Summary: Reminisces about her involvement with the non-violent revolution of Cesar Chavez and the United Farm Workers–boycotts, pickets, jailings, life with the workers, and worship. (The Catholic Worker, January 1977, 1, 6. DDLW #576).

Peter Maurin used to tell us to study history and so live in the present as to make the future different. That means our own personal history too.

Every year, I determine again to keep a record of my days, and so I have piles of note books and diaries and can look back and say, “Where was I last year. What was happening? Was I trying to make the present different? Trying to see the meanings of the storms and stresses we were passing through?”

Some of our fellow workers were in Washington, D.C. this month; Dan Mauk in jail for chaining himself to the Pentagon door to protest the proliferation of nuclear weapons, and Lee LeCuyer to sleep out with another group in packing boxes, in an endeavor to persuade the city fathers to open up empty housing for the poor.

Farm-Workers

As for me, I recalled the past as I looked over a diary of a few years ago when I spent a peaceful two weeks in a barracks jail outside of Fresno, California. I was there together with a very large group of Mexican women and sisters from many orders who joined the mass picket lines to disobey an injunction against picketing.

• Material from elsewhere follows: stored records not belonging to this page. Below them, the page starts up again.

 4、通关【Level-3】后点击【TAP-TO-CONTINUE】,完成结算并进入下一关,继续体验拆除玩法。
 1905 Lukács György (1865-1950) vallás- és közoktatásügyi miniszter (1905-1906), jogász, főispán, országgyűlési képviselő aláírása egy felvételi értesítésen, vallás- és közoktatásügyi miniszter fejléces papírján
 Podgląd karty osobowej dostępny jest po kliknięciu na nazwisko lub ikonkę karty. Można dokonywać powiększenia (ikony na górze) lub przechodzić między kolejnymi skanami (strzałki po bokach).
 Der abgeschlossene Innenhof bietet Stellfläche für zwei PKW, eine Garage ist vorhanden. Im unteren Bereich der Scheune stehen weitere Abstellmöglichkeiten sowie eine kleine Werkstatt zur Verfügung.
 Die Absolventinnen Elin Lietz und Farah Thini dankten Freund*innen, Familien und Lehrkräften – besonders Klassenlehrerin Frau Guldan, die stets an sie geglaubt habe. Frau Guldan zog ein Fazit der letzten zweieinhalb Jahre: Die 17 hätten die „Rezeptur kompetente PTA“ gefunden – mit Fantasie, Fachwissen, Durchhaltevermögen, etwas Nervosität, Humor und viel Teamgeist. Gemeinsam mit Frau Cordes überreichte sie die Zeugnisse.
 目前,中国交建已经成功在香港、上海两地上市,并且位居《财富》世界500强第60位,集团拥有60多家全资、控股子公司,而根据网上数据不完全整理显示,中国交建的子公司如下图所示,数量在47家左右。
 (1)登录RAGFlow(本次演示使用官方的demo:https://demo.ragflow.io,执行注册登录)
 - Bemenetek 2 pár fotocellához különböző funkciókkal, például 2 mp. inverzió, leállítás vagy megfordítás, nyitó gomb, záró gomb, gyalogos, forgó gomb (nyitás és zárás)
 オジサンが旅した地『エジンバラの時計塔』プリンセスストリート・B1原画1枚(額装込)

The growers have the land, the jobs, and, to some extent, the press, so workers have to resort to such demonstrations to bring the plight of the farm workers to the public. One could write a book about those two weeks. It was not hardship for me or the sisters. It irked me, that we were considered the privileged class, and it was easy enough to realize that the ordinary prisoner suffered far more and in many different ways.

For instance, to have to go to the toilet or shower publicly in a large enclosure makes one realize what the Japanese-Americans suffered in the internment camps in WWII. And what the agricultural workers suffered as a whole in those vast fields of California, with few, very few, portable toilets. People are treated like dogs – like cattle !

There were two pickets shot dead that summer and I walked the long procession at their funerals.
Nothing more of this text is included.